И продолжала про себя: «Эжен… Флорентина… Кто уйдет следующим? Неужели мы больше не будем вместе? Уже?» Она окинула комнату скорбным, усталым взглядом. О нет, здесь они никогда не будут счастливы. Она поняла это в ту самую минуту, как они вошли сюда. Какая новая беда нависла над ней? Тяжелое предчувствие сжало ее сердце. Что-нибудь случится с Эженом! Теперь, стоило слегка притупиться боли очередного горя, она уже ждала нового испытания, ждала чуть ли не с нетерпением, словно, пережив его заранее, она могла хоть немного уменьшить его тяжесть.

— Бедный мальчик! — со вздохом пробормотала она.

Азарьюс вздрогнул. На мгновение ему показалось, что она говорит о нем. В давние времена, чтобы исцелить его от иллюзий или чтобы утешить среди всяческих неудач, она порой шептала ему эти слова, обняв, словно ребенка. Тоскливая жажда нежности волной поднялась из самых глубин его существа, и он понял, что отдал бы жизнь ради того, чтобы еще хоть раз увидеть Розу-Анну счастливой. Он скользнул взглядом по утомленно склонившейся фигуре жены, увидел ее лоб, испещренный сетью мелких подвижных морщин, ее руки, побелевшие от частых стирок. Брак Флорентины начал и в нем самом пробуждать давние воспоминания, и вместе с воспоминаниями в его душе возникла какая-то странная, непонятная тяжесть — она, наверное, всегда была с ним, он тащил ее за собой, как ядро, и она, словно цепь, сковывала все его усилия. И только сейчас он понял это! После первой минуты изумления, когда он уже примирился с тем, что Флорентина стала взрослой и готова вылететь из родительского гнезда, он никак не мог забыть то, что открылось ему в прошлом, то, что он видел позади себя: бесконечную вереницу тянущихся один за другим дней, и промахи, и упущенные возможности.
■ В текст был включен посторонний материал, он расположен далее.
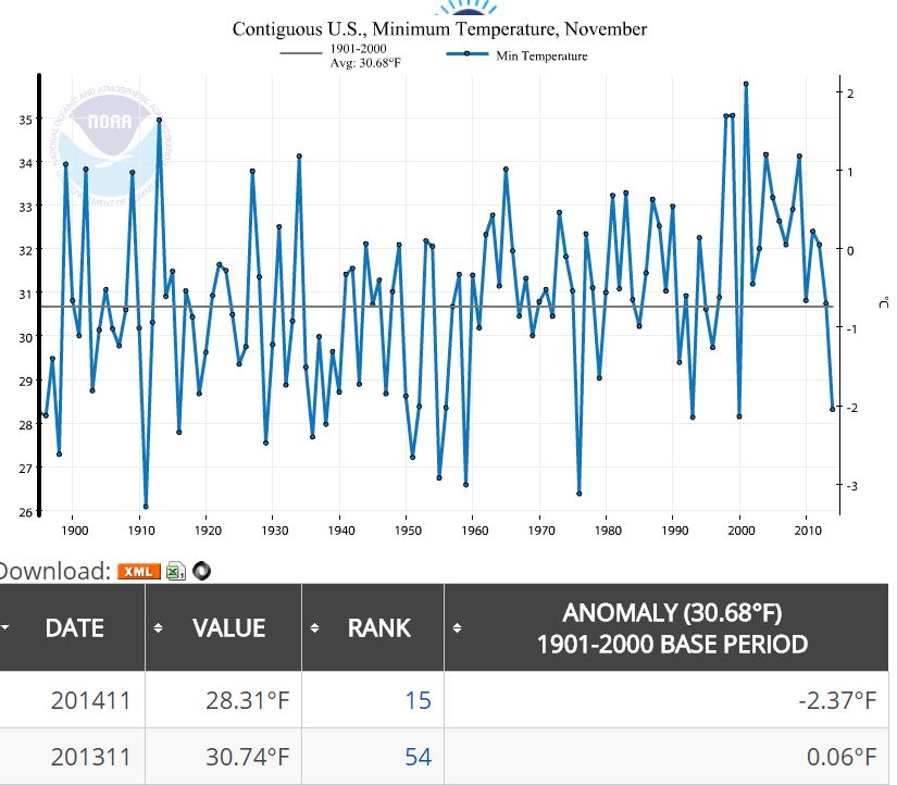 One thought on “USA NOAA November 2014 – 15th Coldest Minimum Temperature”

Это было хуже всего. И Роза-Анна!.. Он был уверен теперь, твердо уверен, что за всю свою жизнь никого не любил, кроме нее. Только вот доказать ей этого он никогда не умел. Ну, что ж, настала наконец пора доказать ей свою любовь. И не видеть больше, как она страдает по его вине. Он закрыл глаза. Вот к чему он стремился всеми силами. Уйти… как того требовало чувство справедливости… И не видеть больше ее страданий…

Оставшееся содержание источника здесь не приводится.